Let's build villages instead of suburbs. Places where you can walk to the store or the post office and stop at your neighbor's for a chat along the way. That would mean less driving for the environment, more community for the people, and more exercise for the tummies! Meanwhile, as an example, studies show that the unhappiest of commuters are drivers while the happiest are bikers. Let's make it safe to bike--a virtually free innovation--and build excellent public transportation systems where people can talk to each other instead of honk at each other.
Let's also work less and make our work more meaningful. Because of the throw-away-product based economy, so much of what we make is designed to be trashed within months. We have to make things and buy things over and over again unnecessarily. Yes, recyclable materials would be great but what about durable products?
Not only would that help the eco-systems but think of the labor it would save. What if we turned that same labor to doing something more meaningful? What if we turned that same labor to figuring out how to provide water access to the billion that don't have it? That's called improving human happiness while saving the environment.

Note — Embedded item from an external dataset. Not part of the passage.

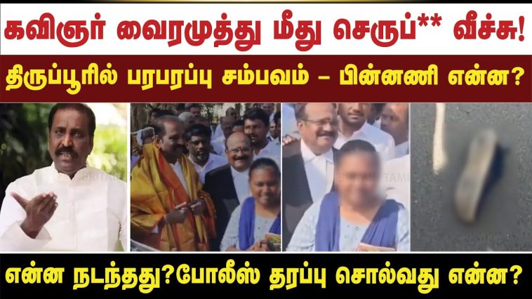 அந்த நேரத்துல அங்க போராட்டத்துல ஈடுபட்டுட்டு இருந்த ஒரு பெண், திடீர்னு வைரமுத்துவை நோக்கித் தன்னோட செருப்பை வீசுனாங்க. இதை எதிர்பார்க்காத அங்கிருந்தவங்க அதிர்ச்சியடைஞ்சாங்க.

You've said that reducing our carbon footprint isn't enough to do the trick, and I agree that--alone--it is not. You've suggested that reducing our carbon footprint veers towards deprivation, but I believe that that reducing resource use, if it includes system change, can actually increase abundance--if what you mean by that is human happiness as opposed to economic growth. Therefore, it should be part of the equation.
As for people always choosing greater material wealth, I don't believe you (unless you juxtapose it with poverty). Take your own example. With your incredible smarts, you could work for anyone doing anything. You could make a lot more money working on the other side for Exxon. You don't. Why? Because once we reach a certain level of comfort, we want meaning. You write about this yourself. What's necessary is to provide a social structure where meaning is actually achievable.
What you say about breaking the link between energy use and emissions is absolutely true. It is also absolutely true that there will be and should be increasing energy use in the developing world. The wealth in standard of living must and should be spread. But here in the United States there is just so much waste that doesn't make us happier and often makes us less so. So while we need huge investment in renewable energy solutions, we should also be looking to cut the waste here in the United States (and the rest of the developed world).
So look, it's not really that I disagree with you at all. I first contacted you because I agree with so much of what you say. And I think it takes all kinds. What I'm adding to the agenda is that, here in the developed world, we can actually tighten our belts and end up less deprived, because some of the systems we've developed, that suck up so much energy, don't make us happier. And part of the way I came to this conclusion was by trying to live within these systems without sucking up as much energy, in other words, by living as No Impact Man.